Examples: Create a snapshot my_snapshot of a table my_table:
tbl = pxt.get_table('my_table')
snapshot = pxt.create_snapshot('my_snapshot', tbl)
Create a snapshot my_snapshot of a view my_view with additional int column col3, if my_snapshot does not already exist:
view = pxt.get_table('my_view')
snapshot = pxt.create_snapshot(
    'my_snapshot',
    view,
    additional_columns={'col3': pxt.Int},
    if_exists='ignore',
)
Create a snapshot my_snapshot on a table my_table, and replace any existing snapshot named my_snapshot:
tbl = pxt.get_table('my_table')
snapshot = pxt.create_snapshot(
    'my_snapshot', tbl, if_exists='replace_force'
)

func  create_table()

Signature
create_table(
    path: str,
    schema: Mapping[str, type | ColumnSpec | exprs.Expr] | None = None,
    *,
    source: TableDataSource | None = None,
    source_format: Literal['csv', 'excel', 'parquet', 'json'] | None = None,
    schema_overrides: dict[str, Any] | None = None,
    create_default_idxs: bool = True,
    on_error: Literal['abort', 'ignore'] = 'abort',
    primary_key: str | list[str] | None = None,
    num_retained_versions: int = 10,
    comment: str | None = None,
    custom_metadata: Any = None,
    media_validation: Literal['on_read', 'on_write'] = 'on_write',
    if_exists: Literal['error', 'ignore', 'replace', 'replace_force'] = 'error',
    extra_args: dict[str, Any] | None = None
) -> catalog.Table
Create a new base table. Exactly one of schema or source must be provided. If a schema is provided, then an empty table will be created with the specified schema.

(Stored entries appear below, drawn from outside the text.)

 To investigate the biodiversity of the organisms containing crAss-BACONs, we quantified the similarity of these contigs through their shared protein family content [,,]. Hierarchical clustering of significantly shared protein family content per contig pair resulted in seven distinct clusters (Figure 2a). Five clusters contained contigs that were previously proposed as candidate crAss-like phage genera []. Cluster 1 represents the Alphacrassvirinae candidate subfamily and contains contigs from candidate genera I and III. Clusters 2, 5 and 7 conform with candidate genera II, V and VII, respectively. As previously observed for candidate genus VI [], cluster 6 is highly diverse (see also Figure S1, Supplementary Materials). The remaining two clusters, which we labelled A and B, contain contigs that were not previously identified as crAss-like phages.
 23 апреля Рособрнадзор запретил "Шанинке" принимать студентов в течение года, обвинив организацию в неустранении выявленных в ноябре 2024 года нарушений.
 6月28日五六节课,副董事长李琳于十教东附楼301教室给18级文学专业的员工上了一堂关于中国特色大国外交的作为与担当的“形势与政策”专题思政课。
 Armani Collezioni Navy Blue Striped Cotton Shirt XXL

If a source is provided, then Pixeltable will attempt to infer a data source format and table schema from the contents of the specified data, and the data will be imported from the specified source into the new table. The source format and/or schema can be specified directly via the source_format and schema_overrides parameters. Parameters:
  • path (str): Pixeltable path (qualified name) of the table, such as 'my_table' or 'my_dir/my_subdir/my_table'.
  • schema (Mapping[str, type | ColumnSpec | exprs.Expr] | None): Schema for the new table, mapping column names to Pixeltable types.

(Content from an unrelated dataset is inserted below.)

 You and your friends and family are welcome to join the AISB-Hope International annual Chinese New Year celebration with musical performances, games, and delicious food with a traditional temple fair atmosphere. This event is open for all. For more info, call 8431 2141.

  • source (TableDataSource | None): A data source (file, URL, Table, Query, or list of rows) to import from.
  • source_format (Literal['csv', 'excel', 'parquet', 'json'] | None): Must be used in conjunction with a source. If specified, then the given format will be used to read the source data. (Otherwise, Pixeltable will attempt to infer the format from the source data.)
  • schema_overrides (dict[str, Any] | None): Must be used in conjunction with a source. If specified, then columns in schema_overrides will be given the specified types. (Pixeltable will attempt to infer the types of any columns not specified.)

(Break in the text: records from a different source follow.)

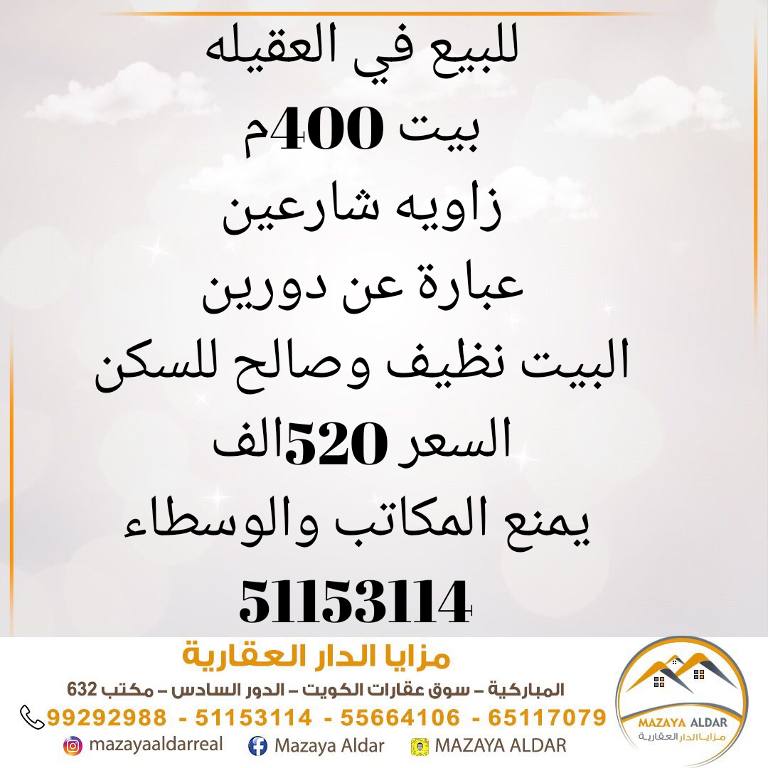 بيت للبيع فى العقيله من دورين Share ملخص للبيع فى العقيله بيت ، المساحة 400 متر مربع ، الموقع زاويه شارعين ، عبارة عن دورين ، البيت نظيف وصالح للسكن ، السعر 520 ألف د.ك ، يمنع المكاتب والوسطاء ، 51153114 التفاصيل حالة: للبيع Page Views الأماكن القريبة من جوجل خصائص ذات صلة للبيع تجربة عنصر للبيع abdulrahman منذ أسبوعين للبيع د.ك111111 شقة تجربة عقار جديد خليل بوست أسرة: 666666 الحمامات: 666666 admin منذ 3 أسابيع Close
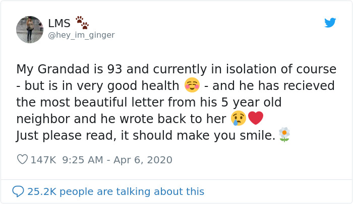 It was 22-year-old teacher Louisa May who shared the heartwarming story on Twitter. “My grandad is 93 and currently in isolation of course – but is in very good health – and he has received the most beautiful letter from his 5 year old neighbor and he wrote back to her.
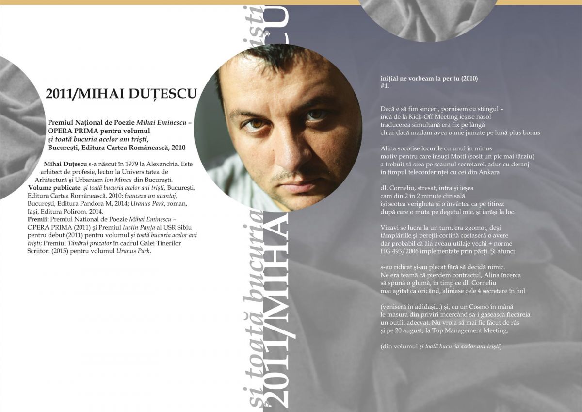 Memorialul Ipotești – Centrul Național de Studii Mihai Eminescu își propune, într-un parteneriat media cu ziarul Botoșăneanul, să prezinte, în ediția de duminică a rubricii GALERIA CU POEȚI, câte un laureat al Premiului Național de Poezie Mihai Eminescu – Opus Primum.
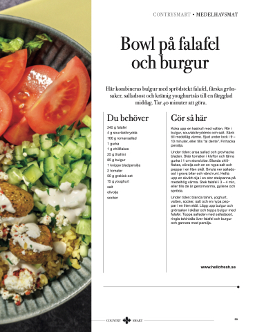 Här kombineras bulgur med sprödstekt falafel, färska grön- saker, salladsost och krämig youghurtsås till en färgglad middag. Tar 40 minuter att göra.
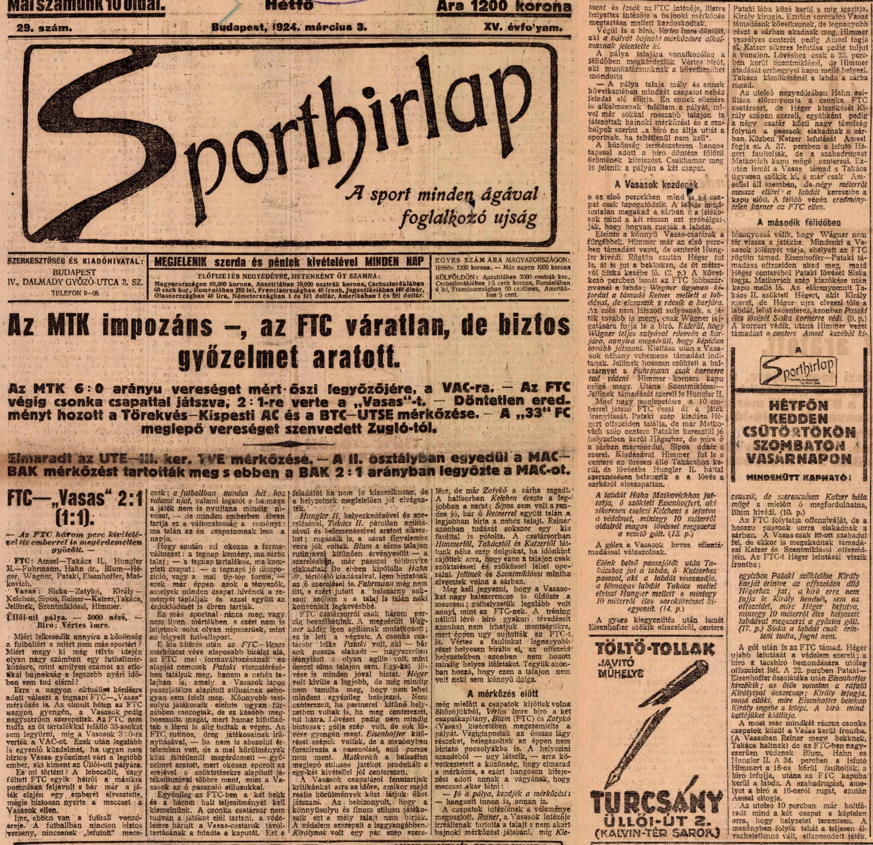 1924.III.2. FTC – Vasas 2:1
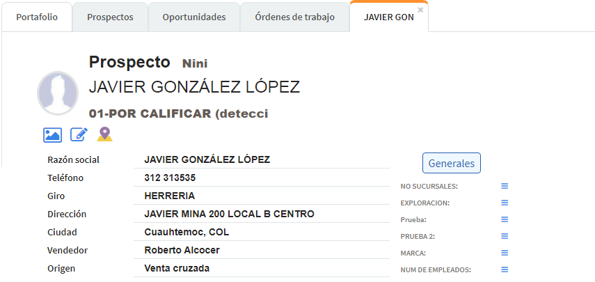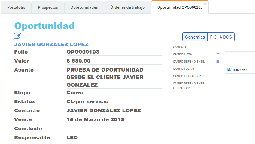 (Abrir el expediente de un cliente y de una oportunidad desde los links en las columnas de la vista Oportunidades y revisar el contenido)
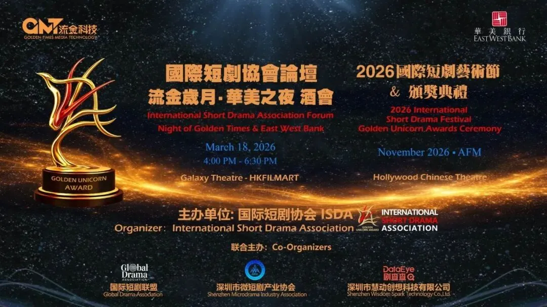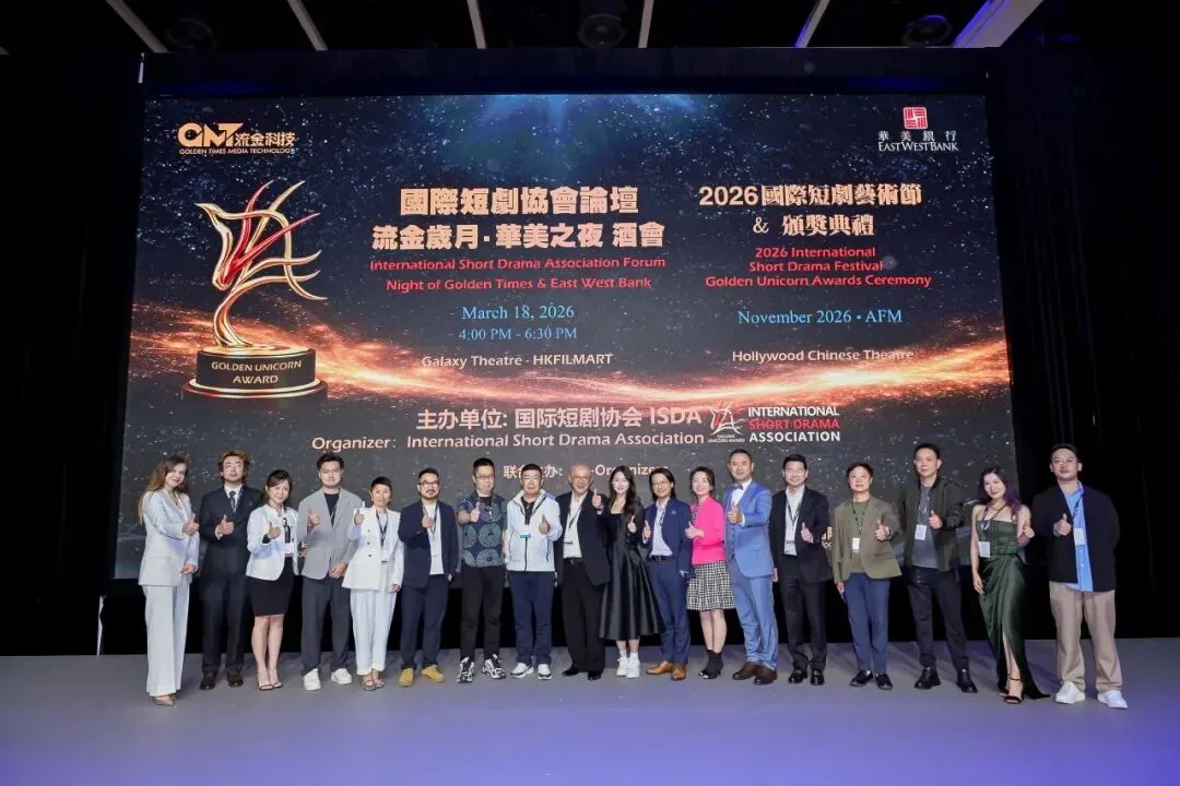 2026 年 3 月 18 日,国际短剧协会论坛暨流金岁月・华美之夜酒会于香港 FILMART Galaxy Theatre 隆重举办。

  • create_default_idxs (bool, default: True): If True, creates a B-tree index on every scalar and media column that is not computed, except for boolean columns.
  • on_error (Literal['abort', 'ignore'], default: 'abort'): Determines the behavior if an error occurs while evaluating a computed column or detecting an invalid media file (such as a corrupt image) for one of the inserted rows.
    • If on_error='abort', then an exception will be raised and the rows will not be inserted.
    • If on_error='ignore', then execution will continue and the rows will be inserted. Any cells with errors will have a None value for that cell, with information about the error stored in the corresponding tbl.col_name.errortype and tbl.col_name.errormsg fields.
  • primary_key (str | list[str] | None): An optional column name or list of column names to use as the primary key(s) of the table.
  • num_retained_versions (int, default: 10): Number of versions of the table to retain.
  • comment (str | None): An optional comment; its meaning is user-defined.
  • custom_metadata (Any): Optional user-defined metadata to associate with the table. Must be a valid JSON-serializable object [str, int, float, bool, dict, list].
  • media_validation (Literal['on_read', 'on_write'], default: 'on_write'): Media validation policy for the table.
    • 'on_read': validate media files at query time
    • 'on_write': validate media files during insert/update operations
  • if_exists (Literal['error', 'ignore', 'replace', 'replace_force'], default: 'error'): Determines the behavior if a table already exists at the specified path location.
    • 'error': raise an error
    • 'ignore': do nothing and return the existing table handle
    • 'replace': if the existing table has no views or snapshots, drop and replace it with a new one; raise an error if the existing table has views or snapshots
    • 'replace_force': drop the existing table and all its views and snapshots, and create a new one
  • extra_args (dict[str, Any] | None): Must be used in conjunction with a source. If specified, then additional arguments will be passed along to the source data provider.
Returns:
  • catalog.Table: A handle to the newly created table, or to an already existing table at the path when if_exists='ignore'. Please note the schema of the existing table may not match the schema provided in the call.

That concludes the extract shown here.